YOUR TASK — Write each entry out again verbatim, pictures excluded.

Records from a dataset

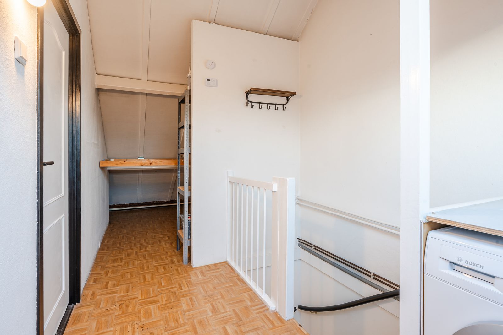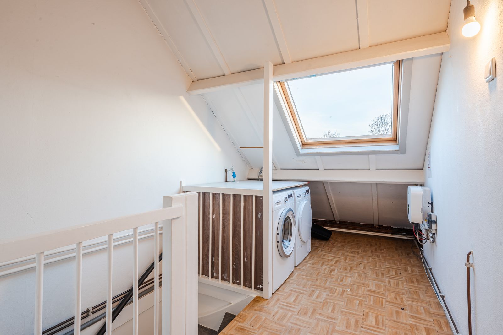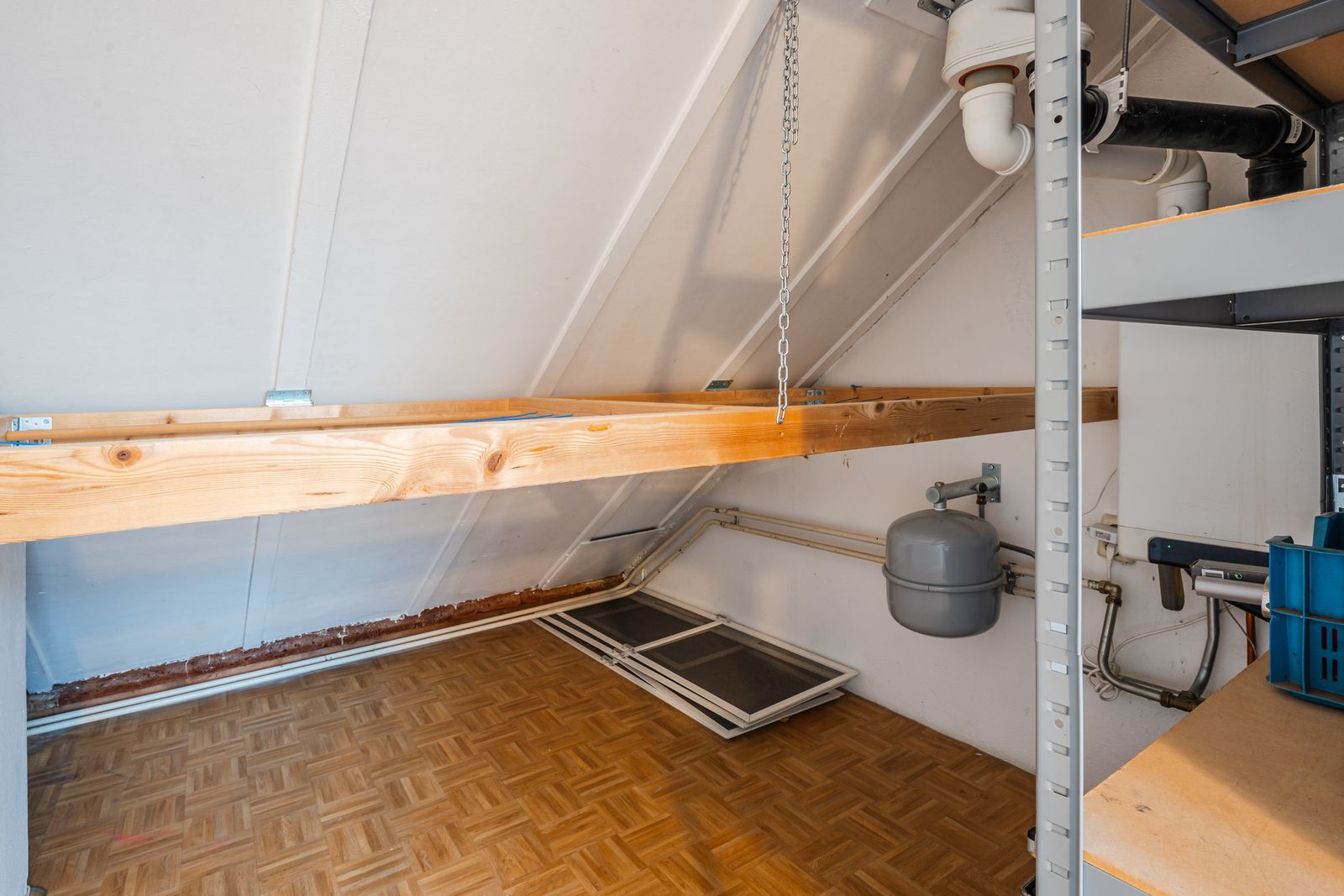 De zolderverdieping is ingericht als volwaardige vierde slaapkamer en beschikt over twee ingebouwde/inloopkasten en een wastafel. Daarnaast is er extra bergruimte achter de knieschotten, ideaal voor het opbergen van seizoensspullen.
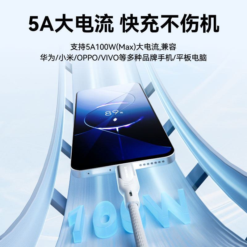 倍思适用华为充电线typec安卓数据线100w超级快充mate80器tpyec线Pura70pro车载6A手机typc线usb转C闪充tapyc
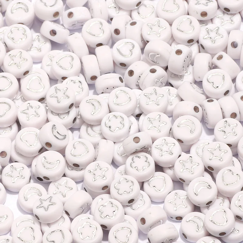 Бело-посеребренный антенный буквы круглые акриловые бусины с плоски...
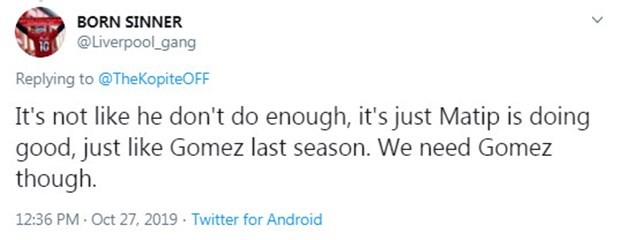 "Không phải Gomez không đủ giỏi, mà đơn giản Matip đang làm quá tốt như cách Gomez thể hiện mùa trước. Tôi cho rằng chúng ta vẫn cần Gomez."
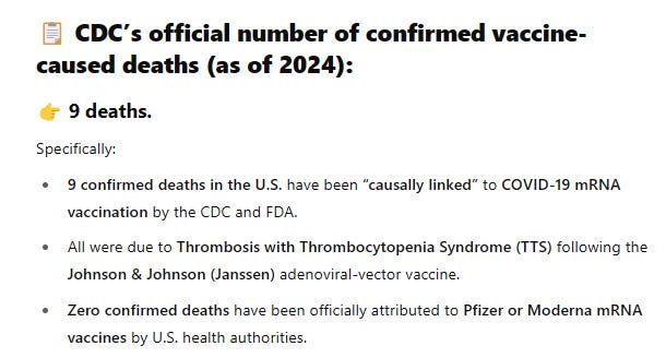 ✅ So yes — Redert’s best overall estimate for vDFR is ~0.15%, in line with what you remembered. π Summary:My opinion: CDC still thinks NOBODY was killed by the mRNA COVID shotsCDC still says ZERO deaths from the mRNA vaccines despite tens of thousands of death reports in VAERS. SummaryThis excellent paper exposes the fraud for anyone with eyes to see. It’s undeniable. There were around 470,000 deaths caused by Pfizer and the CDC hasn’t confirmed a single one. We have a serious problem at the CDC, don’t you think? Some people who do not wish to know the truth will never see it and not admit their mistakes, even after it is made obvious that they were wrong. For example, You're currently a free subscriber to Steve Kirsch's newsletter. For the full experience, upgrade your subscription. |

EXERCISE OUTPUT —
 De zolderverdieping is ingericht als volwaardige vierde slaapkamer en beschikt over twee ingebouwde/inloopkasten en een wastafel. Daarnaast is er extra bergruimte achter de knieschotten, ideaal voor het opbergen van seizoensspullen.
 倍思适用华为充电线typec安卓数据线100w超级快充mate80器tpyec线Pura70pro车载6A手机typc线usb转C闪充tapyc
 Бело-посеребренный антенный буквы круглые акриловые бусины с плоски...
 "Không phải Gomez không đủ giỏi, mà đơn giản Matip đang làm quá tốt như cách Gomez thể hiện mùa trước. Tôi cho rằng chúng ta vẫn cần Gomez."
 ✅ So yes — Redert’s best overall estimate for vDFR is ~0.15%, in line with what you remembered. π Summary:My opinion: CDC still thinks NOBODY was killed by the mRNA COVID shotsCDC still says ZERO deaths from the mRNA vaccines despite tens of thousands of death reports in VAERS. SummaryThis excellent paper exposes the fraud for anyone with eyes to see. It’s undeniable. There were around 470,000 deaths caused by Pfizer and the CDC hasn’t confirmed a single one. We have a serious problem at the CDC, don’t you think? Some people who do not wish to know the truth will never see it and not admit their mistakes, even after it is made obvious that they were wrong. For example, You're currently a free subscriber to Steve Kirsch's newsletter. For the full experience, upgrade your subscription. |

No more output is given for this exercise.